Busy times! It’s a veritable research hot-house at the Ness dig HQ

Lochview. Ness dig HQ.  (📷 Sigurd Towrie)
Lochview. Ness dig HQ. (📷 Sigurd Towrie)

By Anne Mitchell

It’s turned into an exceptionally busy week here at Brodgar. Is it because spring temperatures have made the house comfortable to work in (it can be dashed cold here in the winter!) or that it’s only six weeks till we open up the Ness again and everyone’s keen to get things done?

Whichever the answer, this week dig HQ is full of ongoing research. And that’s a very good thing.

In a backroom, full of boxes of worked stone and incised stone, Cameron is busy working on his PhD, Neolithic Narratives, examining storytelling methodologies, tools, and technologies for enriching visitor engagement with prehistory.

He’s talking to us, the Ness Team, Mark, Nick, Sigurd, myself, examining how we tell our story to all of you.

Meanwhile Sarah is tucked away in a room with a view out over the site and in the distance, the Ring of Brodgar.

She’s starting work on pottery from Structure Twelve, continuing the work done over the winter by Annabel and Kathy.

Sarah and Nick set up the camera for a ceramics photography session. (📷 Anne Mitchell)

Sarah is with us until late October and is working initially on a particular batch of seven boxes of pottery. Some of that will be photographed as she proceeds and here are Sarah and Nick trying to get the camera in position to take the best shots. Not easy!

Jonni is sharing space with Jan, our ceramics specialist, and is currently under way with her UHI Archaeology Institute MLitt dissertation, cataloguing, photographing, making observations of the Ness assemblage of mini pots.

Small, but perfectly formed. A thumb pot recovered from inside Structure Nineteen in 2022. (📷 Jo Bourne)
Small, but perfectly formed. A thumb pot recovered from inside Structure Nineteen in 2022. (📷 Jo Bourne)

We have 42 of these tiny pots – some complete, some fragments.

They are sometimes simple thumb pots, but sometimes miniature replicas of much bigger Grooved Ware vessels. We don’t know what they were for and Jonni’s work, including sorting out where on the site they came from and within which phase (time frame) they were deposited, are all valuable first steps towards an understanding of these tiny beauties.

UHI Archaeology Institute MLitt student Jonni examining Ness thumbpots.  (📷 Anne Mitchell)
UHI Archaeology Institute MLitt student Jonni examining Ness thumbpots. (📷 Anne Mitchell)

Jan is working with Jonni and Sarah and proceeding through the Structure Twelve pottery, adding specialist detail to the cataloguing being done by Sarah. The Ness pottery assemblage is huge, as we’ve told you many times before, and we need to throw many hands, and heads, at it.

Gary is out in one of the site huts examining worked stone… or is it?

Gary's boxes of stone. Worked or unworked?  (📷 Anne Mitchell)
Gary’s boxes of stone. Worked or unworked? (📷 Anne Mitchell)

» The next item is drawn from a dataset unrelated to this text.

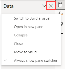 Чтобы выполнить первичные настройки, перейдем на вкладку Вид на панели главного меню и в выпадающем списке Переключателя сделаем активными обе опции – Всегда отображать панель переключателя и Перенести панель визуализации в область переключателя (в панели справа появится значок диаграммы) (рисунок 1–9). Далее, мы выбираем те инструменты, которые нам необходимы. Для начала ограничимся только Форматом. Здесь же мы можем отключить отображение области фильтров и данных, но не будем этого делать.

Over the years we’ve amassed a collection of stone from the Ness, which has been bagged and recorded because it apparently was used.

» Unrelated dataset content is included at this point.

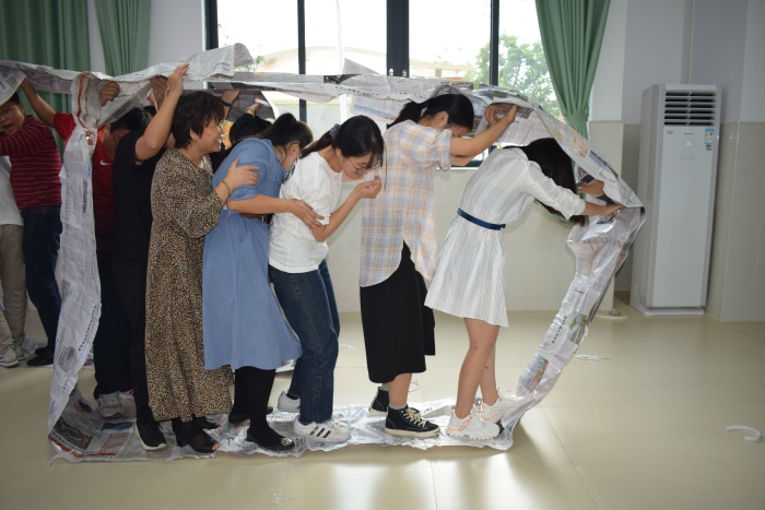 本次活動(dòng)內(nèi)容豐富,形式多樣,趣味十足。王雅老師先是營(yíng)造了在荒島求生大背景,然后帶領(lǐng)教師們進(jìn)行三輪體驗(yàn)式活動(dòng):第一輪是建立互助逃生小組,教師們自由組建7人小組,選出隊(duì)長(zhǎng),大伙一起商量編隊(duì)名、唱隊(duì)歌,接著進(jìn)行2分鐘團(tuán)隊(duì)士氣展示;第二輪是尋寶大作戰(zhàn),尋找逃出荒島的物資:6只襪子、一副眼鏡、兩個(gè)水壺、兩對(duì)鞋、一個(gè)包,比一比哪一組用時(shí)最短;第三輪是無(wú)敵風(fēng)火輪,每小組利用報(bào)紙和膠帶制作一個(gè)可以容納全體團(tuán)隊(duì)成員的封閉式大圓環(huán),將圓環(huán)立起來(lái)全隊(duì)成員站到圓環(huán)上邊上行走,滾動(dòng)大圓環(huán)最快的為最終贏家。三輪活動(dòng)總分前三名的小組勝出。每一輪活動(dòng)結(jié)束后,王雅老師都會(huì)組織教師們進(jìn)行5分鐘的反思分享,思考在這個(gè)環(huán)節(jié)中小組成員或自己為什么這么快或這么慢完成任務(wù)?贏了或輸了的原因是什么?下一次個(gè)人或團(tuán)隊(duì)如何才能做到最好?教師們?cè)诜窒憝h(huán)節(jié)能積極發(fā)言,結(jié)合自己的切身體會(huì)分享了自己的所見(jiàn)所聞、所思所想,得到了老師們的一致好評(píng)。

It doesn’t, however, fall obviously into any of the stone tool categories so further work is needed. And Gary is the lucky specialist to start the process.

I envy him greatly and you may find me missing from my desk a lot over the next few weeks, exploring these pieces with Gary. This is recreational activity for Gary before he starts his PhD research in the autumn, but it’s a task of great use to the Ness team.

Also squeezed also into the little house on the Ness are Nick and myself, preparing furiously for this year’s dig and working with the team here as surprises and questions arise.

It’s very fine to have them all here and a taster of what will come, when we stop digging in August, and fill our head and physical space with post-excavation research.